Secondly it solved the issue with price. 99 cents got you a movie for 24 hours, cheaper than any other alternative and made for a great option of weekend movie nights. At the time it cost 4.99 to rent a movie digitally “on-demand” for 24 hours, and these methods typically had restrictions like only being able to watch the film once in that timeframe. Alternatively Blockbuster was charging 4.99 to 12.99 for multi-day rentals, with no 24 hour rental option. (Interesting note, Redbox’s original idea was a VHS machine called a “Video Droid,” yes named after Star Wars in 1982)
But it became a little too accessible. The cheap price of a movie meant people could see a film they liked and return the movie 24 hours later, and with it being readily accessible by any redbox on the street there was no real point in buying said movie. At the same time, DVD sales were dwindling quickly and studios now had an excuse as to why. Those damn Redbox machines!!!!

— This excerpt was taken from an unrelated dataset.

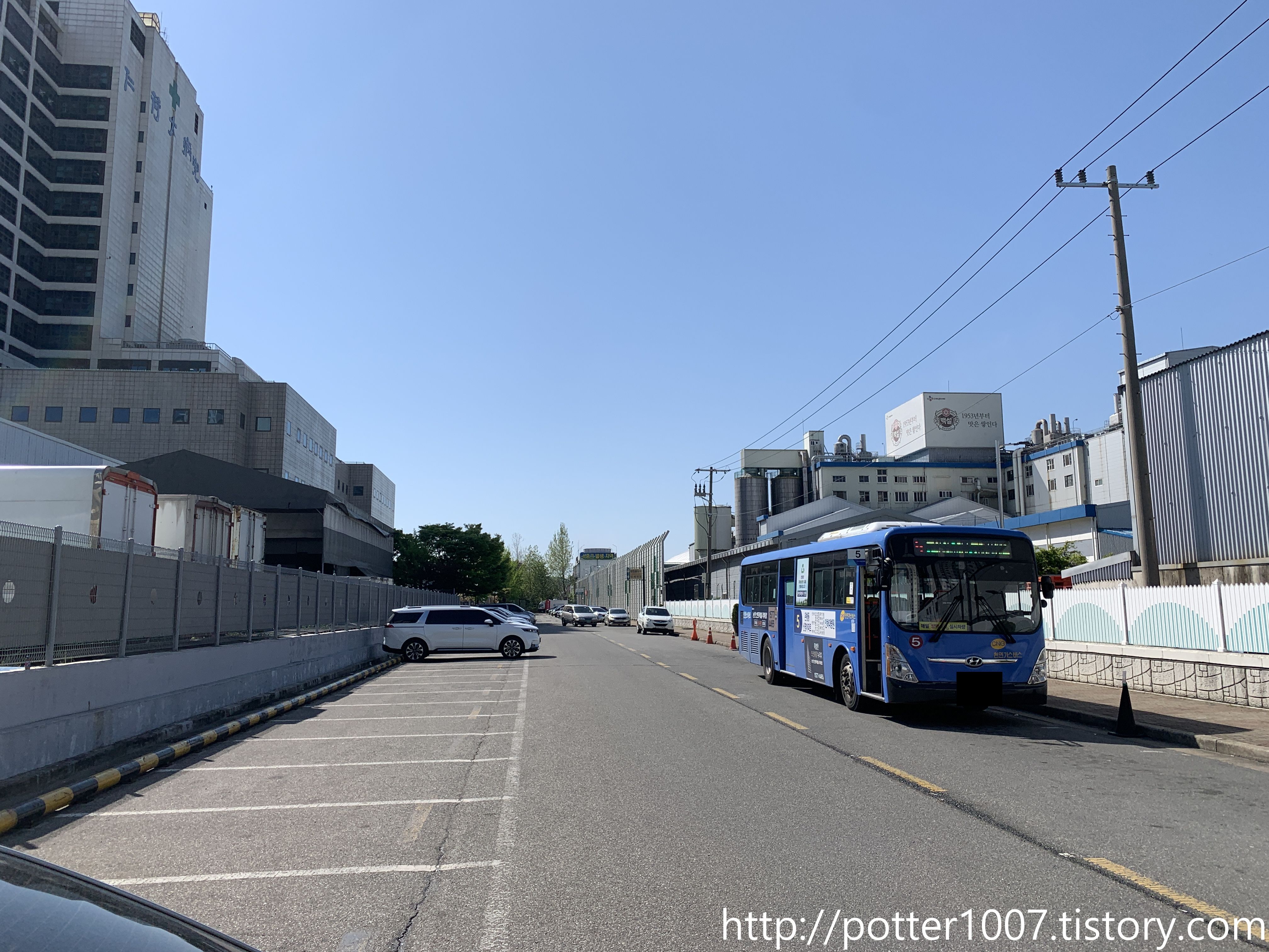 여기서 오른쪽으로 90도 꺾어서 공장(CJ공장)내를 통과하게 됩니다.

Essentially the argument was Hollywood was losing customers because people were choosing a DVD in a redbox over an overpriced digital rental, or running to the store for a copy on the shelf. The same year Redbox took off, studios were reporting a decline in sales anywhere from 13 to 25 percent, but this decline was already happening thanks to digital sales also being on the rise. In 2009 20th Century Fox, Warner Brothers and Universal then banded together and refused to sell their movies to Redbox unless they agreed to a 28 day delay (Universal demanded a 45 day delay). Redbox responded with a counter suit based on antitrust, but the two groups settled out of court and Redbox eventually accepted the delay.

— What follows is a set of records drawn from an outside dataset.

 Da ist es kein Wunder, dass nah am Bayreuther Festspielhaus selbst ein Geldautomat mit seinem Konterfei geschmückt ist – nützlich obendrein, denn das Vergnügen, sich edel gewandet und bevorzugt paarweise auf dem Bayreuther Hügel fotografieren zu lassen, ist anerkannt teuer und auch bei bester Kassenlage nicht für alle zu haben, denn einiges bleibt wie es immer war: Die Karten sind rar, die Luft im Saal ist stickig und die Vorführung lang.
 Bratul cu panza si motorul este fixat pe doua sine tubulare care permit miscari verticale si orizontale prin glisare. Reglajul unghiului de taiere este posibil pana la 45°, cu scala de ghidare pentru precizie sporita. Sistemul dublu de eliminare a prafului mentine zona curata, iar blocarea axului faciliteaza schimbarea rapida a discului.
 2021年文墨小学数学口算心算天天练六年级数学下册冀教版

In many instances studios were simply unhappy with the kiosks and told their distributors to not sell discs to them. For a while Redbox was forced to buy discs via retail, which meant they were literally buying discs off shelves to supply their machines. At the time movies cost about 25 dollars to buy, and Redbox estimated the profit off each disc was between 20-30 dollars, so there wasn’t much room for them.
On the flip side Sony Pictures and Paramount Pictures both signed deals to remain partners with Redbox. Sony was already seeing slumping sales and utilized Redbox to boost their numbers, while Paramount worked out a tricky deal that involved revenue sharing with the company. Disney, on the other hand, refused to pick sides and instead allowed their distribution partners to keep selling to Redbox with no real partnership involved. Disney CEO Bob Iger made a remark that Redbox was actually a healthy way to prevent movies from seeing bargain bins at retail stores.

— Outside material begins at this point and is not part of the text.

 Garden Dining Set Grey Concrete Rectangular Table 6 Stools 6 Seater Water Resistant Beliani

(And then six years later, Disney sued Redbox when they discovered Redbox included digital codes in the case. Redbox was organically purchasing the said codes too.)
Eventually after long fights with the studios, Redbox was able to offer several studios offerings again…but at a cost. Redbox had increased their price from 99 cents a night to 1.99, and by the end of their run it had increased to 2.25 per night. Still considerably cheaper than alternatives.
(Off topic: Netflix saw similar growth issues when their subscriber base for streaming increased from 9 million to 23 million in just 3 years. This growth led to Starz canceling their license with the streaming giant in 2012 due to the threat of losing subscribers. Additionally licensing content became considerably more costly for Netflix in the following years. Netflix once licensed over 11k titles, which has recently dwindled to just over 6k.)
But it wasn’t just Hollywood
There are gatekeepers at every entrance to Hollywood and people who have been successful in servicing the industry are also threatened when newcomers enter the fray. In Redbox’s early days these were typical mom-and-pop rental stores that were already starting to hurt. Blockbuster and these smaller outlets still held nearly 40% of the market at the time, but it was quickly dwindling with an estimate of losing upwards of 20% of that market within a few years, and with Redbox blasting their way into the market it wasn’t welcomed.
Redbox was slammed with frivolous lawsuits at every turn, but one of the more notable ones was shops claiming Redbox was renting R-rated movies to under age users. This was at a time when the digital age was taking over, so Redbox simply had an alert screen that had you confirm you were 17+ when attempting to rent an R-rated film. The shops claimed it was easy for under age users to simply agree to the screen and continue to rent the movies, something they’d easily get in trouble for.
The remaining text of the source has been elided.